I had nearly every symptom: wheezing, not being able to breathe, coughing, swollen eyelids, dry skin, heart palpitations and rapid pulse, mental confusion and low energy, just to name a few. The only symptom I did not have was nausea and vomiting. I stared at my computer screen, trying to figure out what was trying to kill me.

Then I remembered that I had not had any yoghurt on Saturday, and Sunday I felt better. Sunday afternoon and night I partook of yoghurt and by Sunday evening I was feeling like at death’s door again. Monday I had yoghurt and Tuesday I could barely make it to class. I actually had to double up on the Benadryl just to make it through that hour and half of teaching.

I have not had a glass of yoghurt since that revelation on Tuesday morning. I am still on the mend and still having to take Benadryl, but now my ears have gone back to their normal size and feel, my eyelids are no longer swollen, my voice is not gravelly and my heart is behaving as it always has. I no longer itch uncontrollably and I no longer cough incessantly and unproductively. I can draw deep breaths, one after the other, and enjoy the feeling of full lung expansion. I do not feel dizzy, lost, confused and anxious.

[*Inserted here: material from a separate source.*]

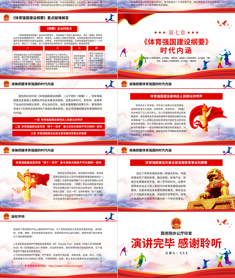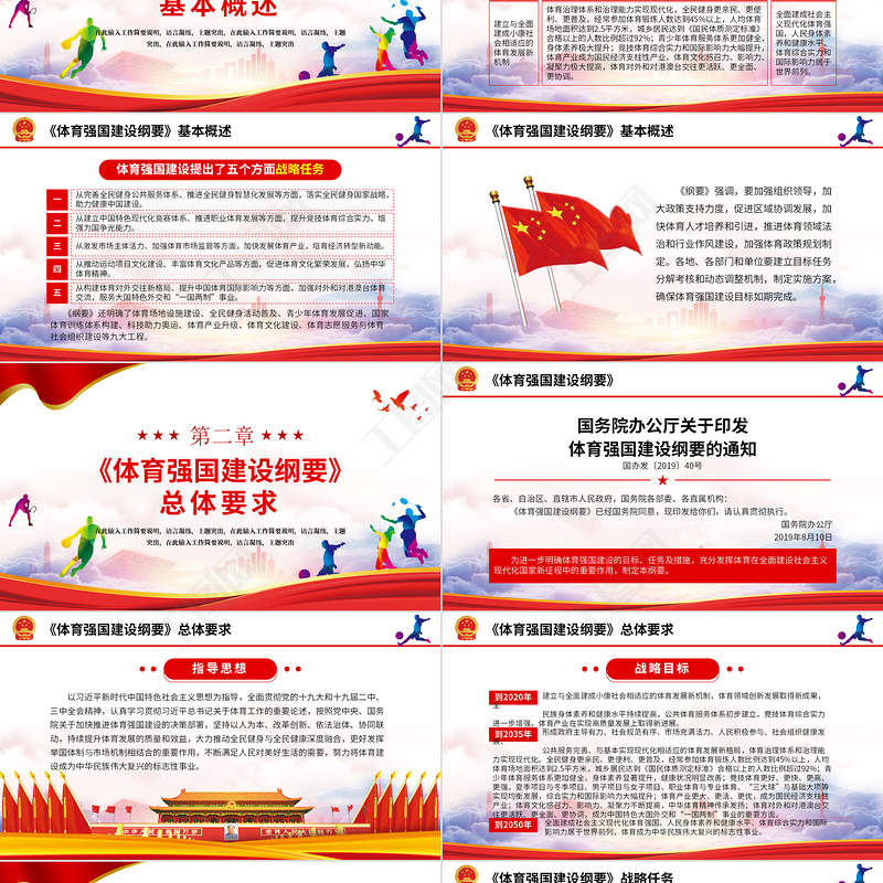 <p>宣講人:XXX體育強國建設綱要國務院辦公廳印發</p><br><p> 近日,國務院辦公廳印發《體育強國建設綱要》(以下簡稱《綱要》),部署推動體育強國建設,充分發揮體育在建設社會主義現代化強國新征程中的重要作用。前 言</p><br><p>目錄《體育強國建設綱要》基本概述《體育強國建設綱要》總體要求《體育強國建設綱要》戰略任務《體育強國建設綱要》政策保障《體育強國建設綱要》重大工程專欄《體育強國建設綱要》重點疑難解答準確把握體育強國的時代內涵</p><br><p>在此輸入工作簡要說明,語言凝練,主題突出,在此輸入工作簡要說明,語言凝練,主題突出,在此輸入工作簡要說明,語言凝練,主題突出《體育強國建設綱要》基本概述</p><br><p>《體育強國建設綱要》基本概述 《綱要》指出,要以習近平新時代中國特色社會主義思想為指導,按照黨中央、國務院關于加快推進體育強國建設的決策部署,堅持以人為本、改革創新、依法治體、協同聯動,持續提升體育發展的質量和效益,不斷滿足人民對美好生活的需要,努力將體育建設成為中華民族偉大復興的標志性事業。</p><br><p>《體育強國建設綱要》基本概述體育強國建設提出了五個方面戰略任務 《綱要》還明確了體育場地設施建設、全民健身活動普及、青少年體育發展促進、國家體育訓練體系構建、科技助力奧運、體育產業升級、體育文化建設、體育志愿服務與體育社會組織建設等九大工程。</p><br><p>《體育強國建設綱要》基本概述 《綱要》強調,要加強組織領導,加大政策支持力度,促進區域協調發展,加快體育人才培養和引進,推進體育領域法治和行業作風建設,加強體育政策規劃制定。各地、各部門和單位要建立目標任務分解考核和動態調整機制,制定實施方案,確保體育強國建設目標如期完成。</p><br><p>在此輸入工作簡要說明,語言凝練,主題突出,在此輸入工作簡要說明,語言凝練,主題突出,在此輸入工作簡要說明,語言凝練,主題突出《體育強國建設綱要》總體要求</p><br><p>《體育強國建設綱要》國務院辦公廳關于印發體育強國建設綱要的通知國辦發〔2019〕40號各省、自治區、直轄市人民政府,國務院各部委、各直屬機構: 《體育強國建設綱要》已經國務院同意,現印發給你們,請認真貫徹執行。國務院辦公廳 2019年8月10日 為進一步明確體育強國建設的目標、任務及措施,充分發揮體育在全面建設社會主義現代化國家新征程中的重要作用,制定本綱要。</p><br><p>《體育強國建設綱要》總體要求 以習近平新時代中國特色社會主義思想為指導,全面貫徹黨的十九大和十九屆二中、三中全會精神,認真學習貫徹習近平總書記關于體育工作的重要論述,按照黨中央、國務院關于加快推進體育強國建設的決策部署,堅持以人為本、改革創新、依法治體、協同聯動,持續提升體育發展的質量和效益,大力推動全民健身與全民健康深度融合,更好發揮舉國體制與市場機制相結合的重要作用,不斷滿足人民對美好生活的需要,努力將體育建設成為中華民族偉大復興的標志性事業。</p><br><p>《體育強國建設綱要》總體要求到2020年 建立與全面建成小康社會相適應的體育發展新機制,體育領域創新發展取得新成果,全 民族身體素養和健康水平持續提高,公共體育服務體系初步建立,競技體育綜合實力進一步增強,體育產業在實現高質量發展上取得新進展。到2035年 形成政府主導有力、社會規范有序、市場充滿活力、人民積極參與、社會組織健康發展、 公共服務完善、與基本實現現代化相適應的體育發展新格局,體育治理體系和治理能力實現現代化。全民健身更親民、更便利、更普及,經常參加體育鍛煉人數比例達到45%以上,人均體育場地面積達到2.5平方米,城鄉居民達到《國民體質測定標準》合格以上的人數比例超過92%;青少年體育服務體系更加健全,身體素養顯著提升,健康狀況明顯改善;競技體育更好、更快、更高、更強,夏季項目與冬季項目、男子項目與女子項目、職業體育與專業體育、“三大球”與基礎大項等實現均衡發展,綜合實力和國際影響力大幅提升;體育產業更大、更活、更優,成為國民經濟支柱性產業;體育文化感召力、影響力、凝聚力不斷提高,中華體育精神傳承發揚;體育對外和對港澳臺交往更活躍、更全面、更協調,成為中國特色大國外交和“一國兩制”事業的重要方面。到2050年全面建成社會主義現代化體育強國。人民身體素養和健康水平、體育綜合實力和國際影響力居于世界前列,體育成為中華民族偉大復興的標志性事業。</p><br><p>在此輸入工作簡要說明,語言凝練,主題突出,在此輸入工作簡要說明,語言凝練,主題突出,在此輸入工作簡要說明,語言凝練,主題突出《體育強國建設綱要》戰略任務</p><br><p>《體育強國建設綱要》戰略任務戰略任務</p><br><p>《體育強國建設綱要》戰略任務落實全民健身國家戰略,助力健康中國建設 充分發揮國務院全民健身工作部際聯席會議作用,地方各級政府建立全民健身工作聯席會議機制。緊緊圍繞便民惠民,抓好全民健身“六個身邊”工程建設。積極開展體育強省、全民運動健身模范市、全民運動健身模范縣三級聯創活動,逐步推動基本公共體育服務在地區、城鄉、行業和人群間的均等化。推動全民健身公共服務資源向農村傾斜,重點扶持革命老區、民族地區

I do not blame Plain Stir yoghurt. That brand worked really well for me although I did have a few problems. I only got terribly sick when I switched brands, and I think the new brand has something in it that I’m violently allergic to.

What I am deeply grateful for is the ability to listen to my body when it tells me something. I caution you: if your body starts acting dramatically different, take stock and think about what you have changed in your diet or routine. Keep a food diary if you must, even though it is a tedious task. There is nothing less than your life at stake. Anaphylactic shock is nothing to play with. Being able to trace the beginning of my symptoms back to when I started ingesting that new brand of yoghurt may well have saved my life.

Especially because people here seem to think I wasn’t drinking enough hot water!